Pintu kamar mandi yang menguak lebar membuat Shin dan Hyuk melihatnya. Cairan kental berwarna cokelat tergenang di lantai kamar mandi, kemudian larut oleh air bersih yang baru saja Jieun siram. Terduduk di tepi pintu, Jieun menangis sampai tubuhnya berguncang.

Mendadak si bungsu merasa sakit, meski tidak tahu apa yang terasa sakit, atau bagian mana. Hyuk akan menghampiri Jieun kalau tangannya tidak Shin cekal. Pikir Shin, kalau mereka mendekat, sang ibu pasti panik, lalu mengeluarkan alasan kebohongan. Shin sudah terbiasa mendengar kata-kata jujur, sekaligus menanam kepercayaan yang besar kepada ibunya, karena itu Shin tidak mau mendengar kata bohong yang akan dirinya percaya.

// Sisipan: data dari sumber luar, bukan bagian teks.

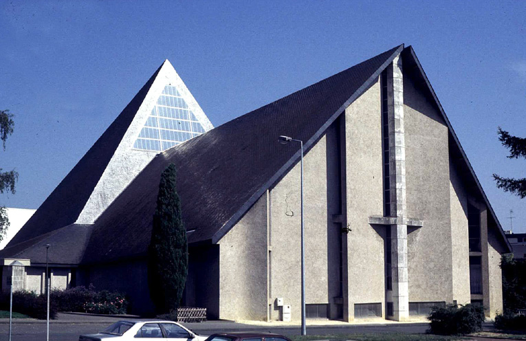 Unique exemple à Angers de l'architecture religieuse des années 1960, où l'humilité des chapelles de secours des années de reconstruction et de reconstitution du pays laisse place à des programmes plus ambitieux et monumentaux. L'église redevient une composante importante du quartier en création, ce que témoigne bien la volumétrie imposante tant du choeur pyramidal que des larges longs pans de la nef. Et la façade occidentale tout en verticalisme redevient dans le nouveau vocabulaire abstrait géométrique de l'art religieux une composition monumentale.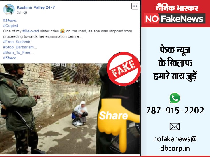क्या वायरल : सोशल मीडिया पर एक फोटो शेयर की जा रही है। इसमें सड़क पर बस्ता और किताब लेकर बैठी रोती हुई लड़की दिख रही है। लड़की के सामने सेना के जवान खड़े हुए हैं। फोटो के आधार पर दावा किया जा रहा है कि सेना कश्मीर में इस लड़की को परीक्षा देने जाने से रोक रही है।

Hasrat buang air kecil sudah lenyap sejak menyaksikan ibunya meringis kesakitan dan akhirnya menangis. Sebelum Jieun beranjak dari posisi, Shin lebih dulu menarik tangan Hyuk untuk kembali memasuki kamar mereka.

Menutup pintu perlahan, dua ranjang dalam kamar itu menjadi saksi bagaimana ekspresi muram pasang anak kembar.

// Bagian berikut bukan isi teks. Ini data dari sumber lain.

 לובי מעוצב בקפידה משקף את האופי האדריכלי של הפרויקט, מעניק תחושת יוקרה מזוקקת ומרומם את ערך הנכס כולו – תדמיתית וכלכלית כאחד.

"Kak, apa ibu bertengkar sama ayah sampai menangis?" tanya Hyuk. Mereka masih berdiri dekat pintu yang tertutup rapat.

"Menurutmu begitu?" Shin tidak punya jawaban, sekeras apa pun berpikir, Shin hanya tahu bahwa kedua orang tuanya tidak pernah terdengar ribut.

"Tidak," sahut Hyuk, anak itu menambahkan. "Ibu menangis karena sakit. Ibu muntah, ibu kesakitan."

Hyuk ingin memeluk ibunya barusan, perasaan aneh menuntun untuk berbuat demikian, tapi Shin justru melarang, lalu sekarang, keinginan itu semakin menguat.

"Benar, ibu sakit. Mungkin ibu kelelahan karena mengurus kita." Shin membuka opini baru, dan Hyuk percaya pada apa yang dikatakan kembarannya.

"Kita sudah banyak membuat ibu repot, ya?"

Shin menghadap Hyuk, memegang kedua pundak adiknya. "Mulai besok, kita tidak boleh membuat keributan, sebisa mungkin apa yang kita butuhkan, kita lakukan sendiri, supaya ibu tidak kelelahan, ya?"

---

"Ji—am, Ibu sakit?" Soo Hyun nyaris menyebut nama sang istri akibat terburu-buru hendak melontarkan tanya. Di depan anak-anak, mereka berdua pantang memanggil nama.

"Wajah Ibu juga pucat." Naran ikut bersuara—baru sadar tentang rona ibunya yang tiada terlihat.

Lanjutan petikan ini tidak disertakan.